Clinical Features Analysis and Survival Nomogram of Primary Small Intestinal Diffuse Large B-Cell Lymphoma.

Purpose: This study aimed to analyze the clinical features and survival of primary small intestinal diffuse large B-cell lymphoma (PsI-DLBCL), and establish and independently validate a prognostic nomogram for individual risk prediction. Patients and methods: Data for 24 patients from the Renmin Hospital of Wuhan University were used as an independent validation cohort, data for 1144 patients with PsI-DLBCL from the SEER database were randomly assigned to training (N=817) and internal validation (N=327) sets. The survival nomogram was constructed with the most significant factors associated with OS using Univariate and multivariate analyses on the training set. Decision curve analysis (DCA) was conducted. Internal validation was SEER validation set. Our cancer center cohort was used as an external validation set to further verify the survival nomogram. Results: Five clinicopathological feature factors associated with OS of the training set yielded (age, marital status, Ann Arbor stage, surgery for primary site and chemotherapy), which were used to create a survival nomogram.

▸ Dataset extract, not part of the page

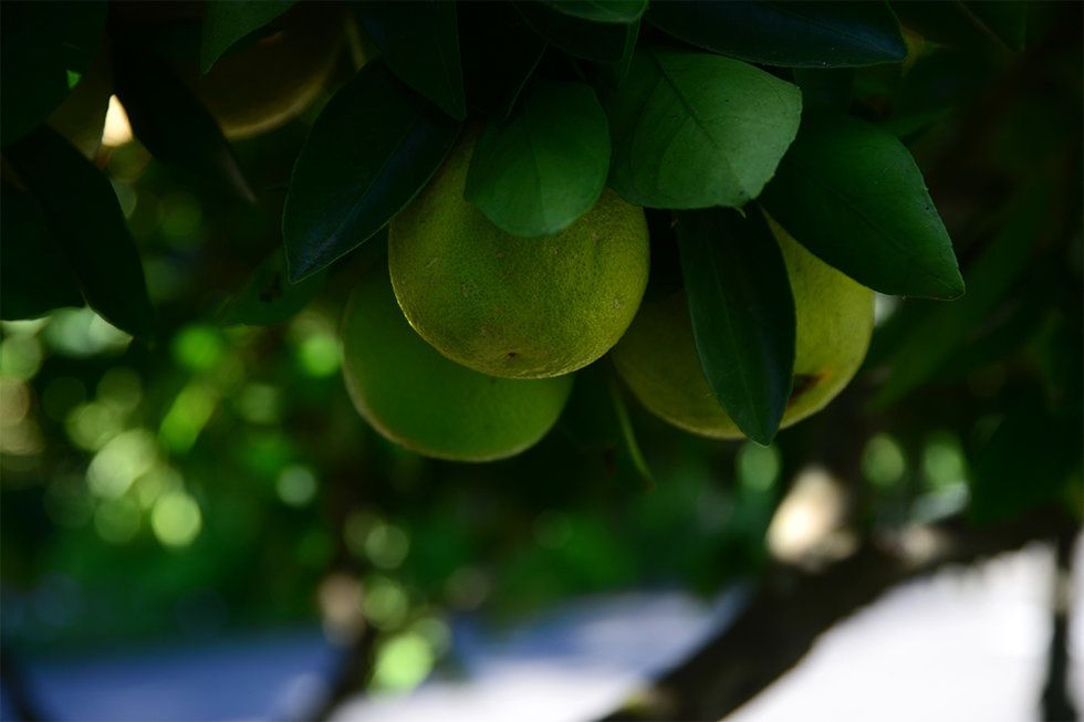 On a brilliant July afternoon, Mallgren started the tour in the inn's neatly manicured citrus grove, whose trees were laden with the developing fruits of Valencia oranges, blood oranges, dwarf mandarin oranges, and Eureka lemons. When the oranges are in season, the inn serves fresh juice for breakfast, but in mid-summer, Mallgren said, he uses the unripe Valencias to make ponzu, a tangy Japanese condiment whose main ingredients are citrus juice and soy sauce.

Additionally, the calibration curves of the prognostic nomogram revealed good agreement between the predicted survival probabilities and the ground truth values. The stability of our survival nomogram was explained by internal and external validation data. Conclusion: Our nomogram proposes the clinical and therapeutic factors affecting OS for patients with PsI-DLBCL. It shows that chemotherapy and surgery are beneficial to patients in the choice of treatment options. These results suggest that a survival nomogram may be better at predicting OS for PsI-DLBCL patients.